1770 song by William Billings

"Chester" is a patriotic anthem composed by William Billings and sung during the American Revolutionary War. Billings wrote the first version of the song for his 1770 songbook The New England Psalm Singer, and made improvements for the version in his The Singing Master's Assistant (1778). It is the latter version that is best known today.

The name of the tune reflects a common practice of Billings' day, in which tunes were labeled with (often arbitrarily chosen) place names. Billings' tune evidently has little more to do with any particular town named Chester than his famous hymn "Africa" has to do with Africa. The idea behind this practice was that by labeling the tunes independently, one could sing them to different words without creating confusion (indeed, this later did happen; see below).

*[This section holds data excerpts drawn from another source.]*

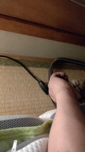 枕元のランプ消そうと手を伸ばしたトコで 力尽きたらしいです。 ・・・お疲れねぇ。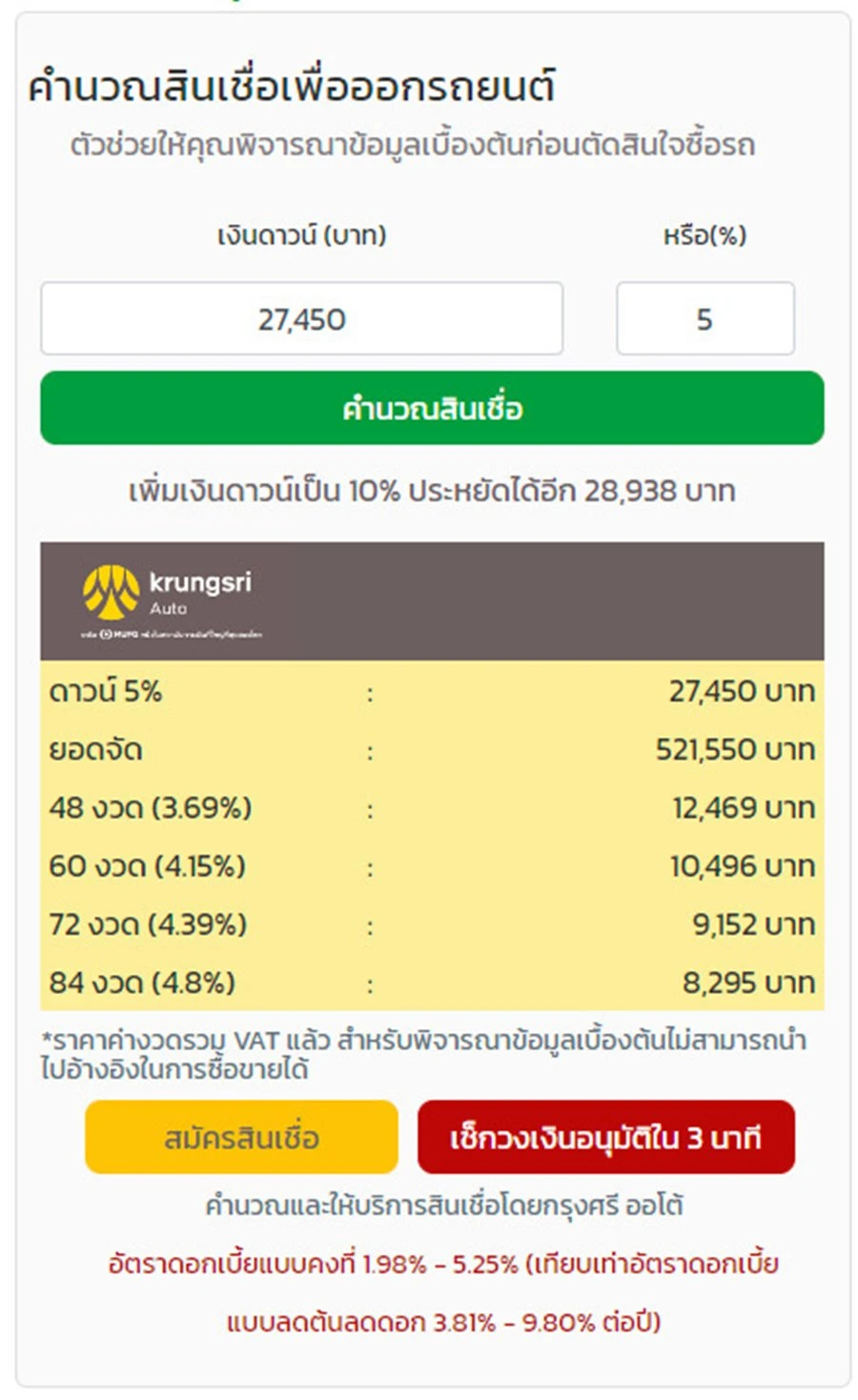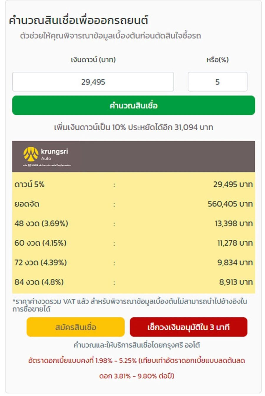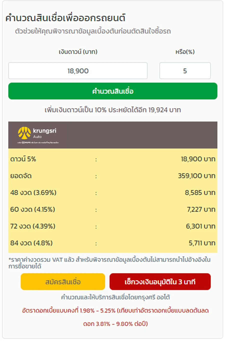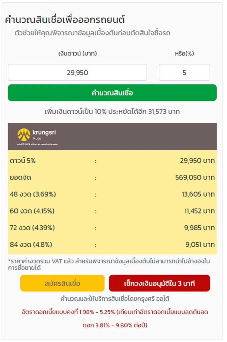 582,000 บาทคำนวณเงินผ่อน โดยกรุงศรี ออโต้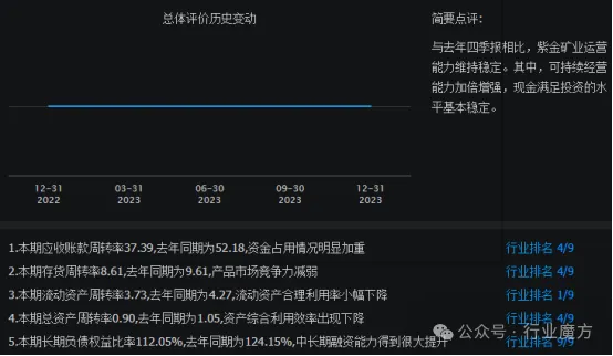 与2022年四季报相比,2023年四季报,紫金矿业运营能力维持稳定。其中,可持续经营能力加倍增强,现金满足投资的水平基本稳定。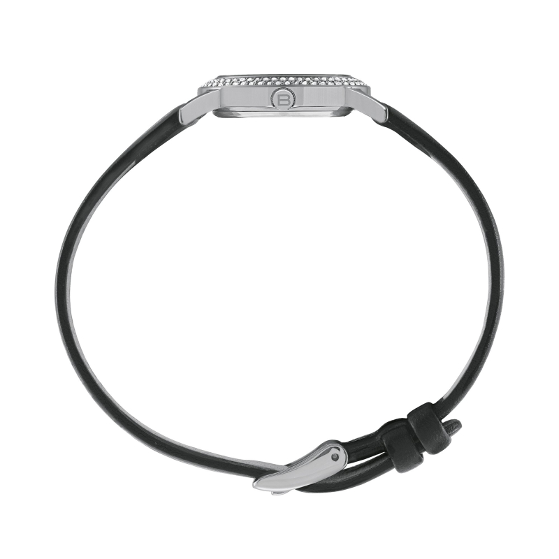 Breil Alvea TW2136 : Ein gebürstetes silbernes Zifferblatt und eine mit Kristallen besetzte Lünette verleihen der Uhr eine raffinierte Eleganz. Ein schwarzes Armband aus Leder und Seide rundet das Design ab. Perfekt für elegante Looks und besondere Anlässe.

==Tune in version of 1778==

Parts labeled "Treble, Counter, Tenor, and Bass" correspond to the modern SATB four-voice choir. However, the melody is in the tenor part, not the treble part.

==Lyrics==
Although this cannot be established with certainty, it appears that these lyrics are by Billings himself.

Let tyrants shake their iron rod,
And Slav'ry clank her galling chains,
We fear them not, we trust in God,
New England's God forever reigns.

Howe and Burgoyne and Clinton too,
With Prescot and Cornwallis join'd,
Together plot our Overthrow,
In one Infernal league combin'd.

When God inspir'd us for the fight,
Their ranks were broke, their lines were forc'd,
Their ships were Shatter'd in our sight,
Or swiftly driven from our Coast.

The Foe comes on with haughty Stride;
Our troops advance with martial noise,
Their Vet'rans flee before our Youth,
And Gen'rals yield to beardless Boys.

What grateful Off'ring shall we bring?
What shall we render to the Lord?
Loud Halleluiahs let us Sing,
And praise his name on ev'ry Chord.

==Later uses==
The song was later provided with religious (as opposed to patriotic) words by Philip Doddridge, and in this form is a favorite of Sacred Harp singers. The Doddridge words are as follows:

Let the high heav'ns your songs invite,
These spacious fields of brilliant light,
Where sun and moon and planets roll,
And stars that glow from pole to pole.

Sun, moon, and stars convey Thy praise,
'Round the whole earth and never stand,
So when Thy truth began its race,
It touched and glanced on ev'ry hand.

A slightly altered version of this text and the music by Billings was recorded in 1975 by the Old Stoughton Musical Society for their LP album, "An Appeal to Heaven".

20th century American composer William Schuman employed the tune in his New England Triptych (1956) and later expanded it into his Chester Overture.

Bernard Herrmann quoted the tune prominently in his score for the Colonial Williamsburg orientation film, Williamsburg: The Story of a Patriot.

An instrumental version of the song was used as background music for CBS's Bicentennial Minutes segments.

The HBO miniseries John Adams has a scene in episode 1 where an assembly of freemen sing this song together.

There is a concert band piece called Chester Variations, arranged by Elliot del Borgo.

The anthem features as background music in the 2008 strategy videogame Sid Meier's Civilization IV: Colonization. Also, an arrangement of the anthem features as the main theme for the American Civilization in the 2025 strategy videogame Civilization VII.

7th Regiment, a DCI Open Class drum corps, uses an altered version of Chester as its corps song.

==Book==
- The Singing Master's Assistant, in which the final version of "Chester" was published, is in print today in a scholarly edition by Hans Nathan (University Press of Virginia, 1977, ISBN 0-8139-0839-6).
- The Stoughton Musical Society's Centennial Collection of Sacred Music, which contains a version with the later text and was published in Boston in 1878; reprint by DaCapo Press, 1980, with New Introduction by Roger L. Hall.